*Records excerpted from a collection*:
● ● ●

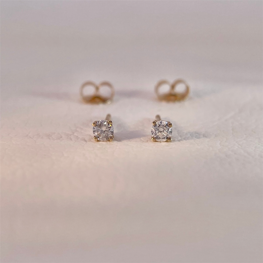 14K yellow gold diamond stud earrings with approximately .20ct of natural round diamonds.
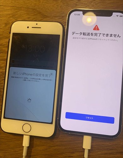 古いiPhone(6s・64GB)から新しいiPhone(14・128GB)へクイックスタートによるデータ移行をやりましたが、残り3分のところで、「データ転送を完了できません」になってしまいます。何度やってもできません。iOSはどちらも16にしています。無線です。有線はコードを買う必要があるので、できれば避けたいです。よろしくお願いいたします
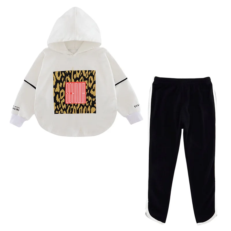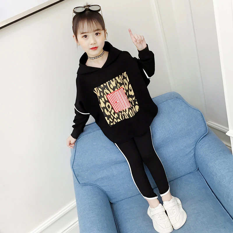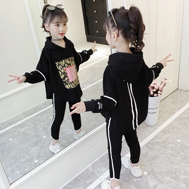الفتيات سترة الدعاوى الأوروبية والأمريكية 2021 الربيع والخريف جديد للأطفال عادية 2 قطعة مجموعة ملابس أطفال كبيرة مقنعين 4-13Y
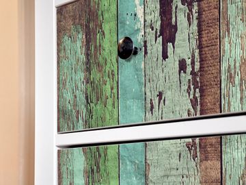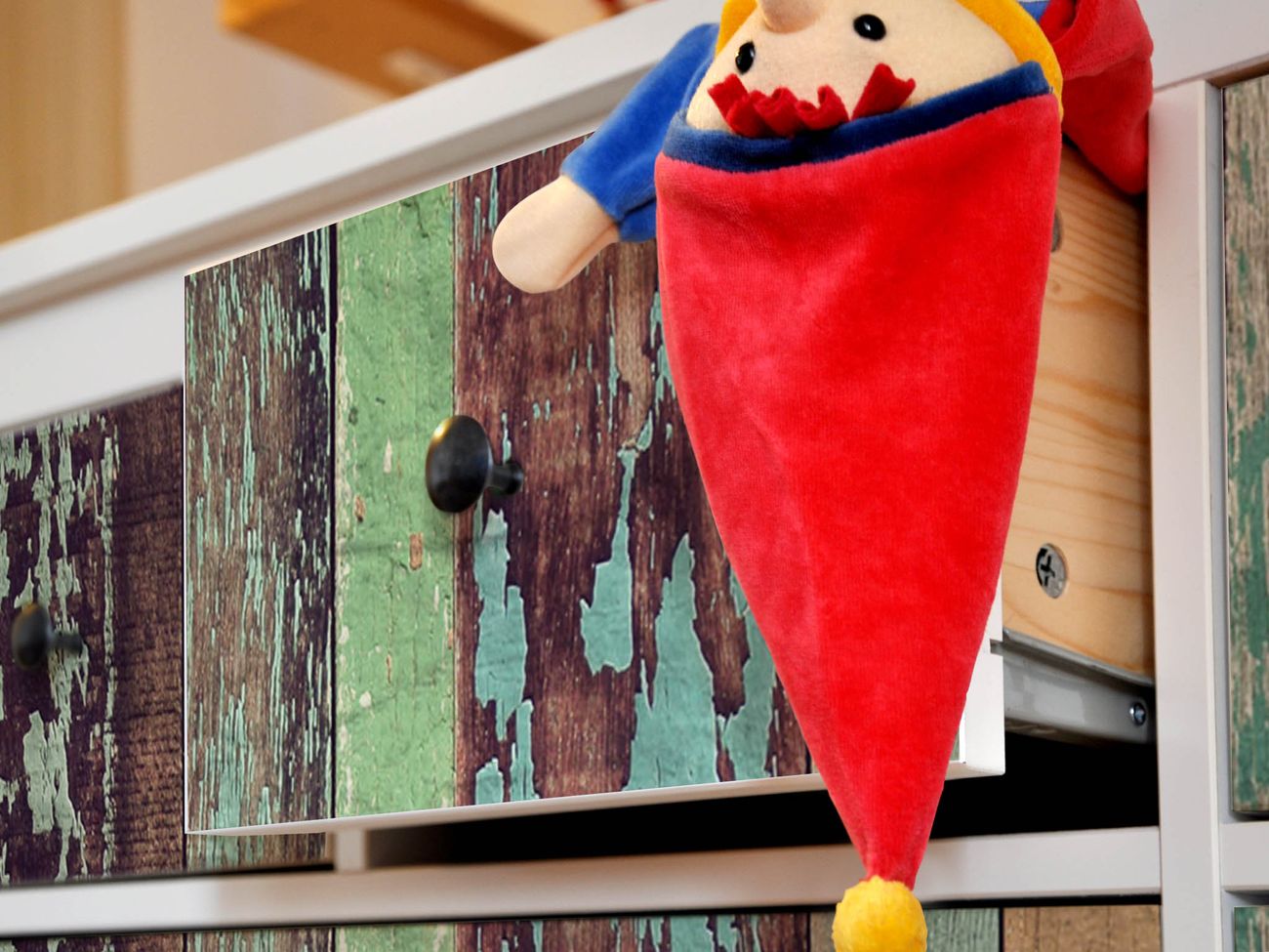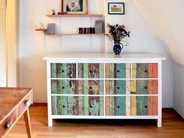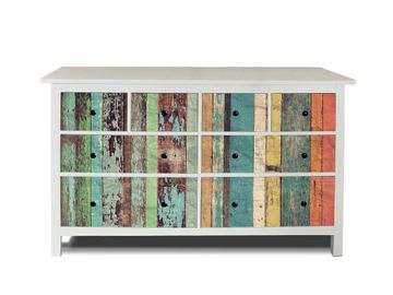 Möbelsticker für Ikea HEMNES Motiv Bunte Bretterwand
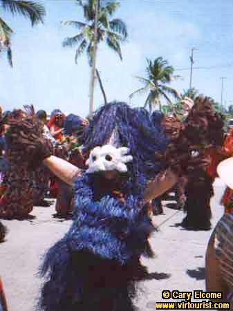 This fellow appears to be entranced! Notice the white mask that is part of the costume. The dancer was part of the parade from Maranhão.

● ● ●

In the records above, find the line that contains "Möbelsticker für Ikea". Retype it and every line after it, exactly, leaving out all pictures.

*OUTPUT OF THE EXERCISE*:
 Möbelsticker für Ikea HEMNES Motiv Bunte Bretterwand
 This fellow appears to be entranced! Notice the white mask that is part of the costume. The dancer was part of the parade from Maranhão.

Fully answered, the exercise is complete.